Considering the R-rated nature of Deadpool and his two live-action movies thus far, it was never necessarily a given that Marvel, or more specifically Disney, would continue making them after purchasing the rights from Fox given the squeaky-clean image the Mouse House likes to convey. It is for this reason that they usually kick these kinds of productions to another studio to avoid associating their name with anything considered less than family friendly. However, if there’s two things Disney likes more than anything, it’s making money while also flexing their dominance at the box office, and Deadpool does that in spades, kids be damned!

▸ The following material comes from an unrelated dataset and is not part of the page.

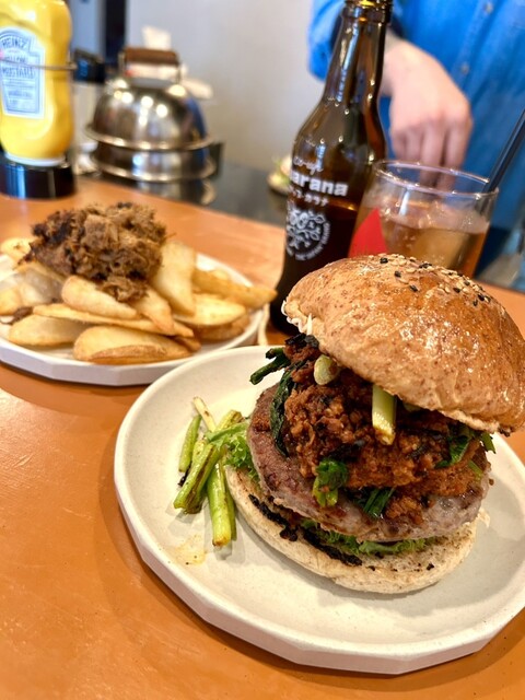 農家の息子である店主の出身地の、北海道名寄市風連地区でとれた甘みの強い「雪化粧かぼちゃ」を贅沢に使用したスイーツみたいなバーガーです。

Deadpool’s two outings (not counting his *ahem* head-scratching depiction in the less than stellar X-Men Origins: Wolverine) rank second and third in all-time box office grosses for R-rated features – beat only by Todd Phillips’ Joker – so it was a no-brainer to bring Deadpool into the MCU, which is a point Ryan Reynolds and super producer Kevin Feige might have hammered home to Disney, if it they even needed it to begin with. While Marvel have promised that Deadpool will maintain his violent, potty-mouthed ways, they also made it quite clear that they wanted to do things their way, which first meant hiring Bob’s Burgers writers and sisters Lizzie Molyneux-Loeglin and Wendy Molyneux, over writing duo Rhett Reese and Paul Wernick who penned the first two films (Reynolds also received a writing credit for Deadpool 2). Now, they have found their director in Montreal filmmaker Shawn Levy, who, upon reflection, is the perfect choice for a number of reasons. 

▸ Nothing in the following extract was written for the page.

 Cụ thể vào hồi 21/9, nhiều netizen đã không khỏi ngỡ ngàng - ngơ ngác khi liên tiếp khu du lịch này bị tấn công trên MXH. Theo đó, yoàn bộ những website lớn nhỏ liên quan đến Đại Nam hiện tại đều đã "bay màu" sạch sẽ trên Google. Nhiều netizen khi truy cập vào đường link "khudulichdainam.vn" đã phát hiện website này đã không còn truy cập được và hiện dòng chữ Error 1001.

For one, Reynolds and Levy have established a strong chemistry lately, first working together on surprise hit Free Guy, a film which even I had low expectations for but turned out to be one of the more inspired features of both their careers, not to mention turning a tidy profit while still in the midst of a pandemic. Barely seven months later, the duo’s second collaborative effort, Netflix production The Adam Project, has released to largely positive (if occasionally mixed) reviews, and it is also worth noting that it is hardly a coincidence that the announcement of Levy’s hiring coincides with the release of his latest movie. With Levy in the best creative flow of his career while finding something of a muse in Reynolds, there is a lot to be excited about as they bring Deadpool into the MCU.

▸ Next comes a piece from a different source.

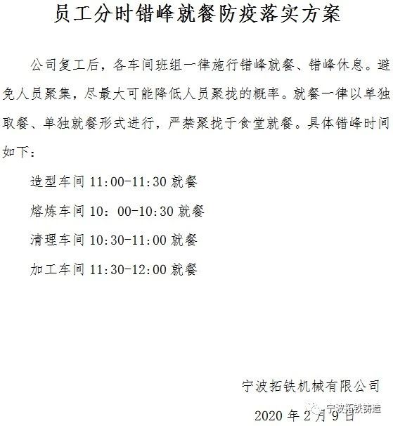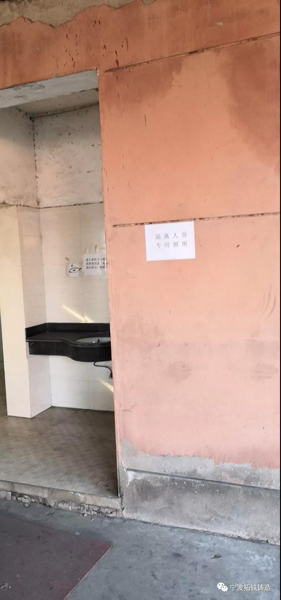 早在拓铁复工之前,公司成立的疫情防控小组和专班成员就已落实大量防疫工作,确保员工们身体健康和生活生产的合理合规。例如:设立隔离区及隔离人员专用厕所,以防万一;落实门卫、洗衣间、宿舍、食堂、行政楼、车间等区域的日常消杀规程;设立废旧口罩回收桶和疫情防控信息宣传栏;落实“一人一食”用餐规程等等。

The only question now, apart from potential returning cast (especially Josh Brolin as Cable, who also played the villainous Thanos in the MCU), is how Marvel will introduce Deadpool into the MCU, but there are already rumours that he will appear in the upcoming Doctor Strange in the Multiverse of Madness. This is said to be the movie that will bring the X-Men into the MCU, and for good reason too Patrick Stewart’s Professor X has been all but confirmed in the film’s recent trailer, but many questions still remain, including if Deadpool will factor given how X-Men-adjacent he is. With the runaway success of Spider-Man: No Way Home proving that such a level of wish fulfillment is a powerful box office motivator for audiences despite an ongoing pandemic, there is a good chance we see the Merc with a Mouth at some capacity before Levy’s threequel hits theatres.